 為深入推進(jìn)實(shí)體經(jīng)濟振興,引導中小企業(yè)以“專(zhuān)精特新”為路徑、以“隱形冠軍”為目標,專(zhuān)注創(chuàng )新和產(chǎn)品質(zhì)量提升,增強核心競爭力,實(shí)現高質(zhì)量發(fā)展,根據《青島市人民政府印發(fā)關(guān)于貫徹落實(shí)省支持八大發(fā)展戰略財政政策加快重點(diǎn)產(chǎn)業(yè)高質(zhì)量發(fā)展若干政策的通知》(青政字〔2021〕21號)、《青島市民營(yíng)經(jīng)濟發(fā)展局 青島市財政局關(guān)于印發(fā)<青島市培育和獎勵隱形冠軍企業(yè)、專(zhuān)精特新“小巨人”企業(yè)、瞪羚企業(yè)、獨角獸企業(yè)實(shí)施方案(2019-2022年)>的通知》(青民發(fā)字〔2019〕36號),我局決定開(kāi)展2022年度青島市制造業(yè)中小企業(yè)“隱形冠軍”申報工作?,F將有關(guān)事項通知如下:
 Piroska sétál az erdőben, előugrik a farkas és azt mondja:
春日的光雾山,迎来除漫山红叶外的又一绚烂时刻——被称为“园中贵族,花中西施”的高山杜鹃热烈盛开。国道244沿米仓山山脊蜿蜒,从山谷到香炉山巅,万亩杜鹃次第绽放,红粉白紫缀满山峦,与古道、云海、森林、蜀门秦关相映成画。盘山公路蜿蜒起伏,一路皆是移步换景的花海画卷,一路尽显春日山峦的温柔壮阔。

* * *

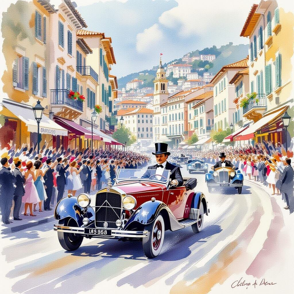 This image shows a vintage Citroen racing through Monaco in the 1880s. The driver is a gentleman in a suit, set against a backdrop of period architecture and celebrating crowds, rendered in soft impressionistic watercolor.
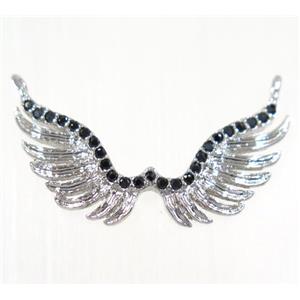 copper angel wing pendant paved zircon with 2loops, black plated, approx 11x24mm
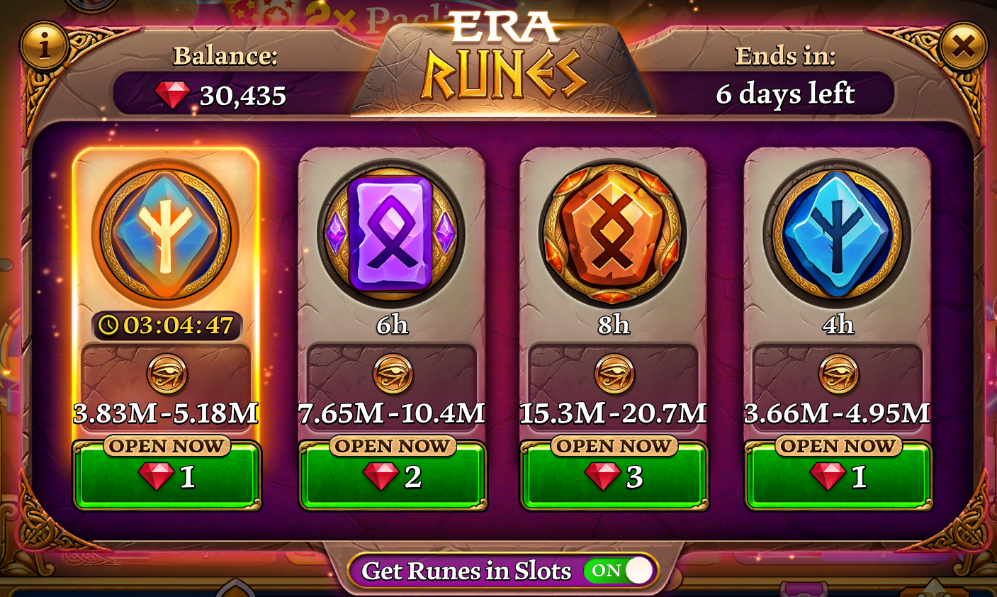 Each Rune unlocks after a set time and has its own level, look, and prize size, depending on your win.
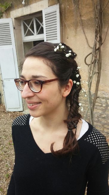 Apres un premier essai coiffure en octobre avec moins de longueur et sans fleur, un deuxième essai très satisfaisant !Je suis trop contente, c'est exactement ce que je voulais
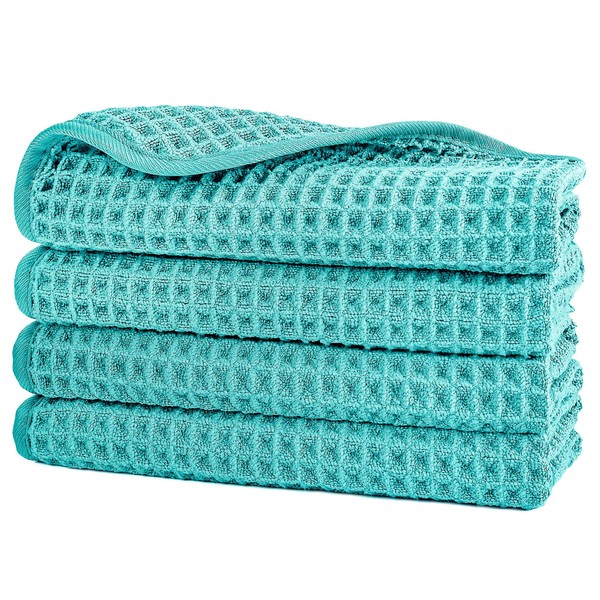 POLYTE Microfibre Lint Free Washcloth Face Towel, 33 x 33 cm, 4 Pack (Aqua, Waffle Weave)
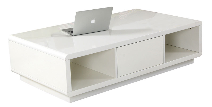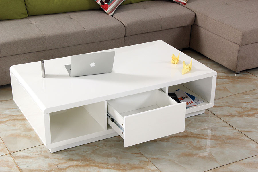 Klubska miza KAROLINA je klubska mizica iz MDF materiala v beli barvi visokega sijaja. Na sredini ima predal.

→ **Your goal**: Both the line containing "Apres un premier" and the line containing "Klubska miza KAROLINA" above belong in the output, as do the lines between them. Print them exactly, without pictures.

→ **Answer space**:
 Apres un premier essai coiffure en octobre avec moins de longueur et sans fleur, un deuxième essai très satisfaisant !Je suis trop contente, c'est exactement ce que je voulais
 POLYTE Microfibre Lint Free Washcloth Face Towel, 33 x 33 cm, 4 Pack (Aqua, Waffle Weave)
 Klubska miza KAROLINA je klubska mizica iz MDF materiala v beli barvi visokega sijaja. Na sredini ima predal.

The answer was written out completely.